The video to the right shows a short replay of the low weight model completing a section of the test track. In the top left of the screen you will find indicators for the pedal actuation percentages, a four quadrant acceleration graph, and some numerical information. Note that although I have not yet modeled the pilot and passenger graphics, I am driving the model, and the model weight includes both pilot and passenger. Further, unfortunately the paint job I gave the car (click here to see itdidn't not appear in the replay, so I still have some polishing work to do.

Results

The results show that the high down force and low weight models demonstrated the greatest improvement in lap time compared to the baseline.
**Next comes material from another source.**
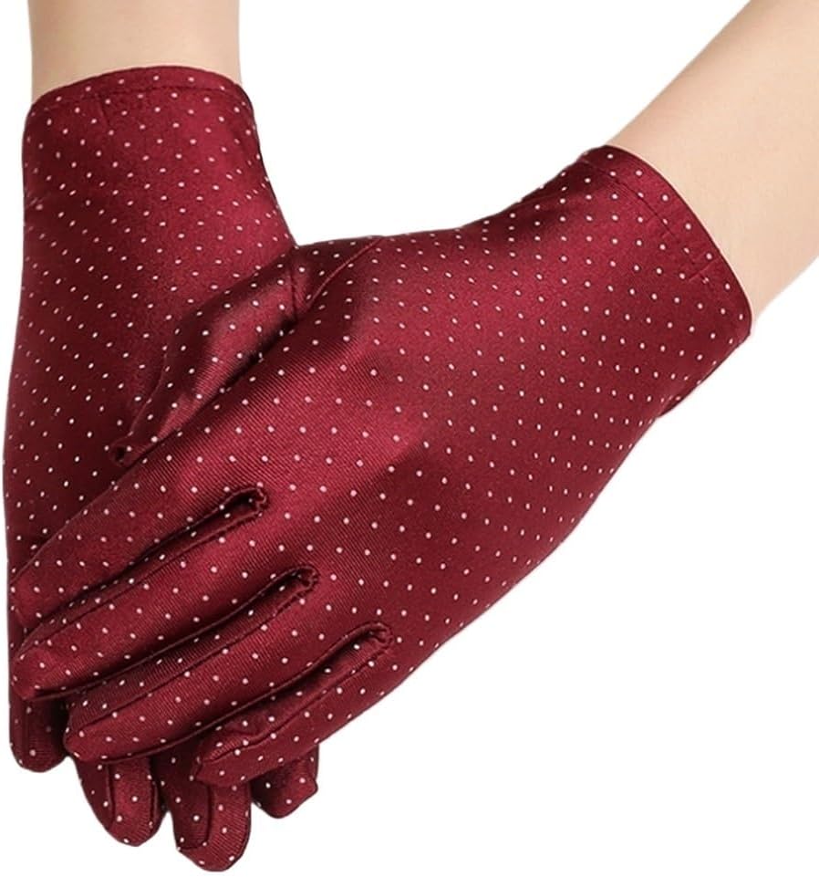 Type. Glove.Material. Knitted fabric.Gender. Women's.Features. Polka dot print, sun protection, elastic band.Color: , black, white, beige, burgundy, coffee, gray, .Size: 21cm x 8cm/8.27" x 3.15" (approx.)Protective ability to effectively pamper and protect your hands from the sun in the hot .Made of good material, comfortable to wear.Features dot printing, also for daily wear.Package includes: 1 pair of glovesSize is measured manually, there is inevitably an error of 1-3 cm, please prevail in kind.There will be different degrees of color difference due to different shooting lights. Subject to the real thing.Widely Used:Our protection glove not only can be used for gel manicures. It can also be used for outdoor scenarios like fishing, camping, hiking and driving as well. We recommend you to wash the glove before first use to avoid lint to stick to your gel polishes. Customer satisfaction is our first priority.

Although the high power model demonstrated amazing acceleration (2Gs exiting the pitlane at one point) it was very tricky to control at low speeds, especially in corners. Driver improvement, or traction control could improve the performance, and these will have to come later. As the saying goes, more power makes you faster in the straights, less weight makes you faster everywhere.

The low drag model did not show much improvement, likely since it only helps in high speed sections of the track.
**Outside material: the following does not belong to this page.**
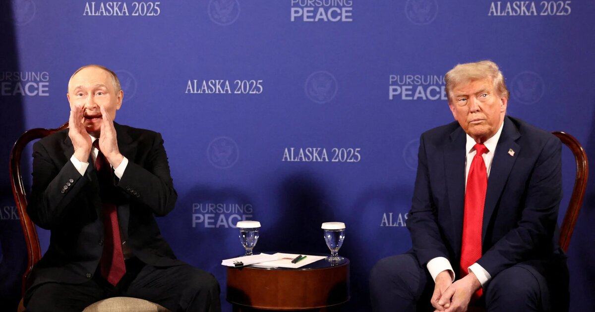 Ενα περίεργο σκηνικό κατέγραψε ο φωτογραφικός φακός μόλις ο Βλαντιμίρ Πούτιν κάθησε διπλα στον Τραμπ, στην αίθουσα Τύπου που στήθηκε στη στρατωτική βάση της Αλάσκας, με τους δημοσιογράφους να του απευθύνουν ερωτήσεις.

For interest sake, the average and top speeds of the baseline, high down force, and low weight model are shown below.

  • ​​Baseline; Ave. = 119 km/h; Top = 177km/h
  • High Down Force; Ave. = 125 km/h; Top = 158km/h
  • Low Weight; Ave. = 124km/h; Top = 183km/h

​​The top speed of the high down force model is low due to the greater drag coeff. Despite losing that time on the straight, it had massive gains in the corners, especially the high speed corners (see peak lateral below). This made the high down force model very forgiving.

The initial public release of the model will be low weight as a baseline, and include the engine power and down force upgrades, adding both engine and down force upgrades should make it pretty fun to drive.

Finally, shown below are the peak accelerations for the various models. The peaks were taken from data covering only the best lap completed by each model. I chose to take peaks from the best lap since that way I can be sure that I'm not looking at a peak that occurred during a maneuver which was not beneficial for overall lap time. For example, the car will experience a peak in lateral acceleration just before losing grip on a corner and spinning out (could also be braking), and as we all know, spinning out is not beneficial for lap time.